売っているのもみんなペットボトルのお水。
「まあ、そこんところはゲームっぽいよね」
世界観は違うけど便利だもんね。
「とにかく外に出てみよう、また東とかいけない場所あるかもだし」
懸命にお水を売っているNPCを横目に私は街の外へと向かった。
『第二層では広大な砂漠が広がっており東西南北の奥地にボスゲートがあります。推奨レベル25〜』
ヘルプくんが色々教えてくれた、奥に進むほどモンスターが強くなっていくのだろう。
「こんなに日差しが強いのに全然暑くないねー不思議」
サンサンと日差しが私を襲うがちょっと眩しいだけでなんともないのが不思議でたまらない。

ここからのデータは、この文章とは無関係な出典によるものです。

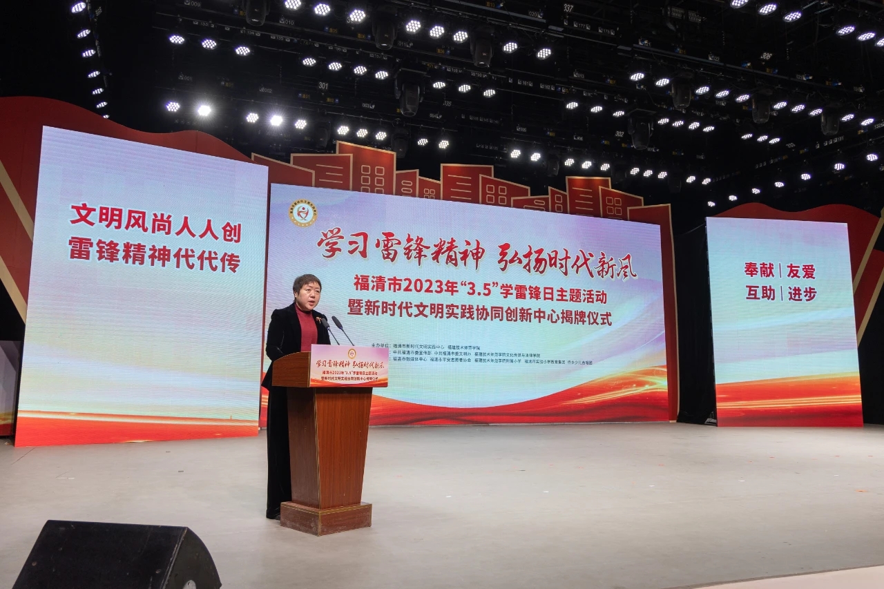 林彤部长在致辞中表示,新时代文明实践协同创新中心的揭牌成立,是福清市深化拓展新时代文明实践中心建设的有益探索,也是推进全市精神文明创建的大胆创新。她希望以协同创新中心成立为契机,校地携手进一步深入开展新思想、家风家训、移风易俗等多层面实践研究,努力产出一批协同创新成果,进一步培育时代新风新貌,以实际行动书写新时代的雷锋故事,让雷锋精神在创建全国文明城市的新征程中焕发新的光彩。

「ん?なんかHPの下に青いゲージ?みたいなのが増えてる」
今気づいた、そして少しづつ青いゲージが減っている。
『水分ゲージです。外にいる間、少しづつ減少し無くなるとHPが減少します』
『街中では減少しませんが回復もしません』
『水分ゲージは美味しい水を飲めば回復します。ポーションや飲み物などでは回復しません』
なるほど!だからみんなお水を売っていたんだね!
「ごくごく……おお、確かに回復した」
さっき貰った美味しい水を飲むとすぐに水分ゲージが回復した。
「なら早速、街に戻ってお水を買いに――」
買いにいこうと思い私は気づいてしまった。
「美味しい水……水筒!」
忘れ去られていた第一回イベントの限定アイテムの水筒。
確か美味しい水が無限に飲めるっていう性能だったはず。
「あ、回復した」
水筒を取り出して水を飲むとしっかりと水分ゲージが回復した。
「それになんか水分保護っていう効果も付いてきたんだけど……」
説明を見たら数分間、水分ゲージが減らないらしい。
とっても便利だ。
「お金もかからないし最高じゃん!」
こんなところで活躍するとは思ってもいなかった。
「なんか微妙とか思ってごめんね!」
ここでは重宝しそうだ。
ちなみにパラには水分ゲージとかあるのかな?
そう思ったのでパラを召喚してみる。
「パラには水分ゲージとか無さそうだね」
砂漠にキノコは辛そうだと思うんだけどなんともないんだね。
しかし足元の悪い砂漠ではパラは動きにくそうだった。
めっちゃぽてぽて転けてる、可愛い。
そんなこと思ってたら地面から大きめの蛇が現れてパラがパクッと丸呑みされてしまった。
「パラー!!!」
デザートスネーク Lv24
「良くもパラを……」
そう思って攻撃しようと思ったのだがよく見たらパラのHPは全くと言っていいほど減っていなかった。
「生きてるの?丸呑みされて?」
デザートスネークは私をジロリと見てくる。
「とにかく生きてるならあいつを倒してパラを取り返す!」
そんな事言っていたらいきなりデザートスネークが倒れはじめる。
「え?何?」
少し近づいてみると死んではいないようで長い身体をピクピク動かしていた。
「ああ!パラの麻痺粉!」
このデザートスネークは麻痺していた。
食べられたのにパラはデザートスネークの身体の中から麻痺粉を撒き散らしたらしい。
「多分パラは捕食しているんだと思うけど筋力低くて食べるの時間かかりそうだし私も攻撃しちゃお」
私は足を上げてデザートスネークの頭を思いっきり踏み潰した。
「お、死んだ死んだ」
そのままデザートスネークは砂のように消えていった。